## DATA SHOWN
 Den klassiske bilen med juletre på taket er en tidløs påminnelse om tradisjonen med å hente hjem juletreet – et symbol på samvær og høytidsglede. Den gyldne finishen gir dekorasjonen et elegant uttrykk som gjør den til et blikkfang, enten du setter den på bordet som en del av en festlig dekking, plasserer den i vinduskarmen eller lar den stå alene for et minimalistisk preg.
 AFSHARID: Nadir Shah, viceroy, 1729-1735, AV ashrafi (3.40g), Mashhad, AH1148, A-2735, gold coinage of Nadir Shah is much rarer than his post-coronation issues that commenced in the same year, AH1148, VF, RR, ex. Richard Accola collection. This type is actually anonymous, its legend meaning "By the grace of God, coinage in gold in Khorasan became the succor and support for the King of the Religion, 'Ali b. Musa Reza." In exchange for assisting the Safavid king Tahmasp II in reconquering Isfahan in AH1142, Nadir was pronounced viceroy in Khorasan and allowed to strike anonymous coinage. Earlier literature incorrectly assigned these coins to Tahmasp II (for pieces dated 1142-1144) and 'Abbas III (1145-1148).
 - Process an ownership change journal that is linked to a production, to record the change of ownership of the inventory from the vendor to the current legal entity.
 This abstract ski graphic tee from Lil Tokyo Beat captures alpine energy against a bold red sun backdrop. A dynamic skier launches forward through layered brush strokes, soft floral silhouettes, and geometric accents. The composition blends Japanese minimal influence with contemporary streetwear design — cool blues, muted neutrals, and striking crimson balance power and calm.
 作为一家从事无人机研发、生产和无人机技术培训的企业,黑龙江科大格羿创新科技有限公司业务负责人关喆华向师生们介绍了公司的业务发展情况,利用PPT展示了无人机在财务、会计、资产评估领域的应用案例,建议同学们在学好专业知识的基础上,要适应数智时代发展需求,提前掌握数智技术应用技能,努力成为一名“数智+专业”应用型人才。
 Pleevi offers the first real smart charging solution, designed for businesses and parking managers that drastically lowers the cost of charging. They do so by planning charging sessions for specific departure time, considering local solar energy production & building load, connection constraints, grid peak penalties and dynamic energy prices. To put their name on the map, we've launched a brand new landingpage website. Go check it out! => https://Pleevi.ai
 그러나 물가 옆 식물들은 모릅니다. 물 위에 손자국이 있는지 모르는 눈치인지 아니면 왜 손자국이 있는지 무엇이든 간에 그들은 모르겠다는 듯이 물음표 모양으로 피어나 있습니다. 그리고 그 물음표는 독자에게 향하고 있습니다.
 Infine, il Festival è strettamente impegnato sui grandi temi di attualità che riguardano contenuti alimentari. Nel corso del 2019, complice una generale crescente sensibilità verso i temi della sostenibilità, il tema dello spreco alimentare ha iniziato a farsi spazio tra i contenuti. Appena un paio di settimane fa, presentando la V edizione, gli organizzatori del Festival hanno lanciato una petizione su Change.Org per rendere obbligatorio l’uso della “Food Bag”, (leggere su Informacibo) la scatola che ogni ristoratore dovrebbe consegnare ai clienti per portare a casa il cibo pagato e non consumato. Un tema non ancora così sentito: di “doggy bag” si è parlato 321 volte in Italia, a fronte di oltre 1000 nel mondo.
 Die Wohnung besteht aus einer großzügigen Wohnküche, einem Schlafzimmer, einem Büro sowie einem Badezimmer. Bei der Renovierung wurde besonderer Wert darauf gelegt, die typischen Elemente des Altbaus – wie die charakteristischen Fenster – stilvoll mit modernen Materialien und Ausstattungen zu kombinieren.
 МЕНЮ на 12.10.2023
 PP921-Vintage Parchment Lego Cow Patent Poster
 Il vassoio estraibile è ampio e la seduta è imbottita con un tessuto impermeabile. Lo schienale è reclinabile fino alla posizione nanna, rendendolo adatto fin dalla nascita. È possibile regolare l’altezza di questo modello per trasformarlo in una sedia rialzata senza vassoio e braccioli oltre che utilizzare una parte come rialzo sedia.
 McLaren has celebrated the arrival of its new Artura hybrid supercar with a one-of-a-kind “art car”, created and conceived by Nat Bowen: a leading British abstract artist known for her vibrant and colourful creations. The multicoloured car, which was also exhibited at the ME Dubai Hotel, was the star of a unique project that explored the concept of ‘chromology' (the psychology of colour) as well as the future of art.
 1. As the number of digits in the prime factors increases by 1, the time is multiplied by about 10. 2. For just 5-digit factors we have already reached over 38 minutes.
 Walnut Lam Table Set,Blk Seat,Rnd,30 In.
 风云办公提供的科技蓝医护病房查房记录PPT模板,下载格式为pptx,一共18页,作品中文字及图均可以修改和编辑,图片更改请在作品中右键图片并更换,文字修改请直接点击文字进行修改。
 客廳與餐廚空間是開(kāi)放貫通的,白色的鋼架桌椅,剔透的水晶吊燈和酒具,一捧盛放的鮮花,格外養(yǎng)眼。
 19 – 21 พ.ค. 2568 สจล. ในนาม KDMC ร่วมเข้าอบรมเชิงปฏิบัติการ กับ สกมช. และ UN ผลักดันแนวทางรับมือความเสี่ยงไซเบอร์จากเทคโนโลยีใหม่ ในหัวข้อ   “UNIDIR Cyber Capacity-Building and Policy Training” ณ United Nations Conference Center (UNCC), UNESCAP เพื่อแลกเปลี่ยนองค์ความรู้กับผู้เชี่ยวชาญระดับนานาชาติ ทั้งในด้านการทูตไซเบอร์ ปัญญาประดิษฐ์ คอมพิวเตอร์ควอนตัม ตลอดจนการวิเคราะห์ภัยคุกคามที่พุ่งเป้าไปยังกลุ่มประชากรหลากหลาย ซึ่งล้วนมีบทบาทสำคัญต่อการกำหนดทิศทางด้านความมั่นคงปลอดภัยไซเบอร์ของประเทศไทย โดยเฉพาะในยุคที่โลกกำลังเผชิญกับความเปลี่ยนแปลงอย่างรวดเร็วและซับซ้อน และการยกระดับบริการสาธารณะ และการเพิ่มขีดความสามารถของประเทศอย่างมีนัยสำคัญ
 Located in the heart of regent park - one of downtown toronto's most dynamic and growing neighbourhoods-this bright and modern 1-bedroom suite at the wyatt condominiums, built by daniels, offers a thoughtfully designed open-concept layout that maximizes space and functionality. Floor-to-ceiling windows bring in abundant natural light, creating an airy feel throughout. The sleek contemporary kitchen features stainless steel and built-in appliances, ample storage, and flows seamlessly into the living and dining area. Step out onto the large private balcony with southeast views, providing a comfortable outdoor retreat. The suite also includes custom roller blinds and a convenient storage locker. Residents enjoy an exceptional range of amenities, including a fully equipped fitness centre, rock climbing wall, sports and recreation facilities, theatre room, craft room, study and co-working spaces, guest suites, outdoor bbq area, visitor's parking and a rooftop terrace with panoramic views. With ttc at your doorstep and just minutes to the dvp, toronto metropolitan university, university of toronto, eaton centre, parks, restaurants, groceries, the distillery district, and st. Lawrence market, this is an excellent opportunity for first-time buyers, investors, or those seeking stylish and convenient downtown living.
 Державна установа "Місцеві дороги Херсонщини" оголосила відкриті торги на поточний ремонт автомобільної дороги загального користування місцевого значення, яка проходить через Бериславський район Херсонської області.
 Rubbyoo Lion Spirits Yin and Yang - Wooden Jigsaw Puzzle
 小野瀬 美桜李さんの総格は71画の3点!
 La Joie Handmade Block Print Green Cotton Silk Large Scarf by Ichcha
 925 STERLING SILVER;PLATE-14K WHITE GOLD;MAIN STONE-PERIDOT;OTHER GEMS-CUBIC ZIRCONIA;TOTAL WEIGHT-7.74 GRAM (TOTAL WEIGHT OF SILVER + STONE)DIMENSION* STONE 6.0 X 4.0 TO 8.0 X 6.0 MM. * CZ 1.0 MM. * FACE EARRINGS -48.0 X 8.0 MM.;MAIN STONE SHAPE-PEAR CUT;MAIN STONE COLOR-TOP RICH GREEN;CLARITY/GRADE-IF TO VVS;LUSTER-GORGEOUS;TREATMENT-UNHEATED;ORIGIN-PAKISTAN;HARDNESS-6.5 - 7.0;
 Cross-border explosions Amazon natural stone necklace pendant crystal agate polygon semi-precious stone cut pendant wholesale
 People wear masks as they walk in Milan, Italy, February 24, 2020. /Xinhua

## WORK TO BE COMPLETED
Looking at the entries, state how many lines hold the string "from", with the number as the sole reply.

## EXERCISE RESPONSE
2